Traffic police gesture recognition method and system based on skeleton recognition and gated loop network

Technical Field

The invention relates to the technical field of image recognition, in particular to a method and a system for recognizing a traffic police gesture based on skeleton recognition and a gated cyclic network.

Background

With the gradual development of the automatic driving technology, the related problems in the sub-fields are more and more concerned by researchers, and the automatic recognition of the command gestures of the traffic police for automatic driving is less researched. In daily, under some congested highway sections or the scene that traffic lights are malfunctioning, the traffic police can control the traffic through the mode of gesture commander, however when the acceptor of receiving the gesture is autopilot, then need the relatively accurate these gestures of discernment in the limited time of its ability, among the prior art, carry out gesture recognition to the traffic police gesture mainly has two kinds: body sensor-based approaches and vision-based gesture recognition approaches; the method comprises the steps that a body sensor is used for recognizing traffic police gestures, so that the recognition precision and accuracy are improved to a certain extent, but the operation conditions are not favorable for practical implementation; the gesture recognition scheme based on vision solves the problem that equipment based on a body sensor is complex, but the accuracy and the real-time performance of the gesture recognition scheme cannot meet the application requirements in a real scene. Therefore, it is one of the key problems for those skilled in the art to efficiently and accurately recognize traffic guidance gestures to implement automatic driving.

Disclosure of Invention

In view of this, the present invention provides a method and a system for recognizing a traffic police gesture based on a skeleton recognition and a gated loop network, so as to solve the problems in the background art.

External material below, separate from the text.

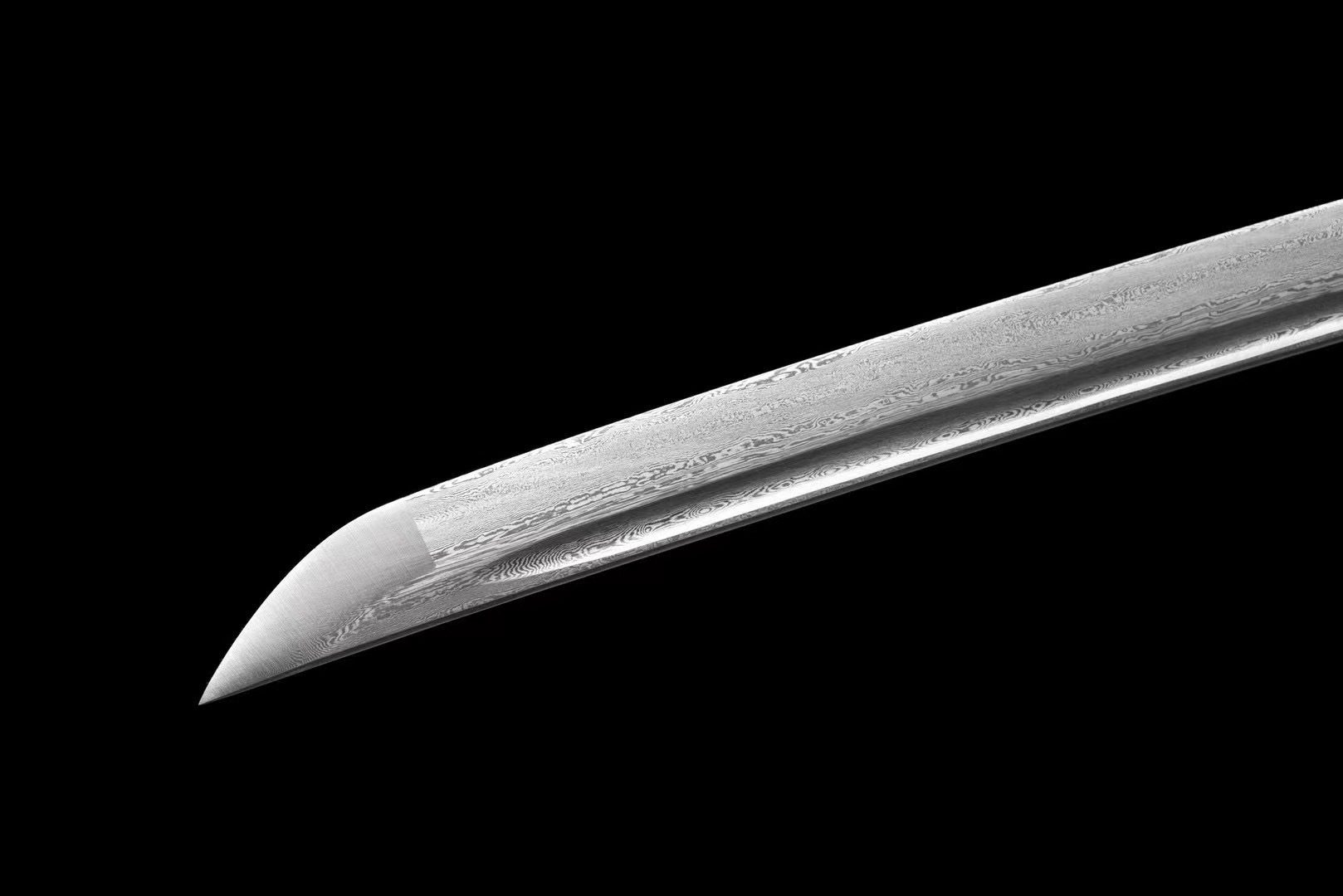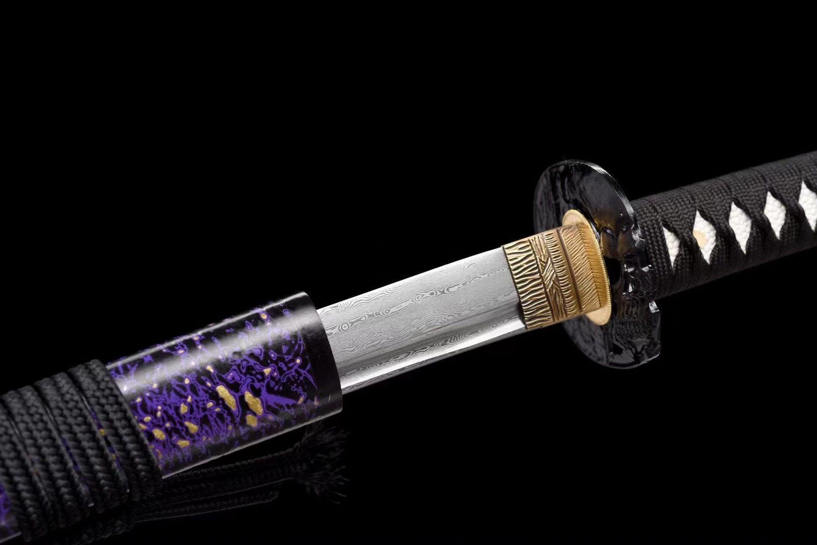 La sua lama in acciaio Damasco rivela motivi ondulati che ricordano il fumo che si alza da un campo di battaglia, mentre il bo-hi alleggerisce la struttura e produce un caratteristico sibilo quando viene mosso. La guardia (tsuba) in lega nera a forma di teschio è l’elemento centrale di questa katana, un costante richiamo alla fragilità dell’esistenza. L’impugnatura (tsuka) combina pelle di razza bianca e legno, creando un suggestivo contrasto con l’intreccio nero a rombi (tsuka-ito). I menuki raffiguranti un drago nero simboleggiano la forza spirituale che trascende la morte, mentre gli elementi fuchi e kashira in lega nera liscia ampliano l’estetica oscura. Il fodero (saya) in legno laccato viola e nero evoca i colori del lutto e della nobiltà, completato da un sageo nero e da estremità nere che unificano il tutto.

In order to achieve the purpose, the invention adopts the following technical scheme: a traffic police gesture recognition method based on skeleton recognition and a gated loop network comprises the following specific steps:

acquiring a traffic police command gesture image;

performing joint point extraction on the traffic police command gesture image by using an OpenPose algorithm to obtain joint point data;

screening key point data which has large influence on the gesture recognition of the traffic police in the joint point data, and taking the key point data as a training set;

and inputting the training set into a GRU network to extract the time sequence characteristics of the traffic police command gestures.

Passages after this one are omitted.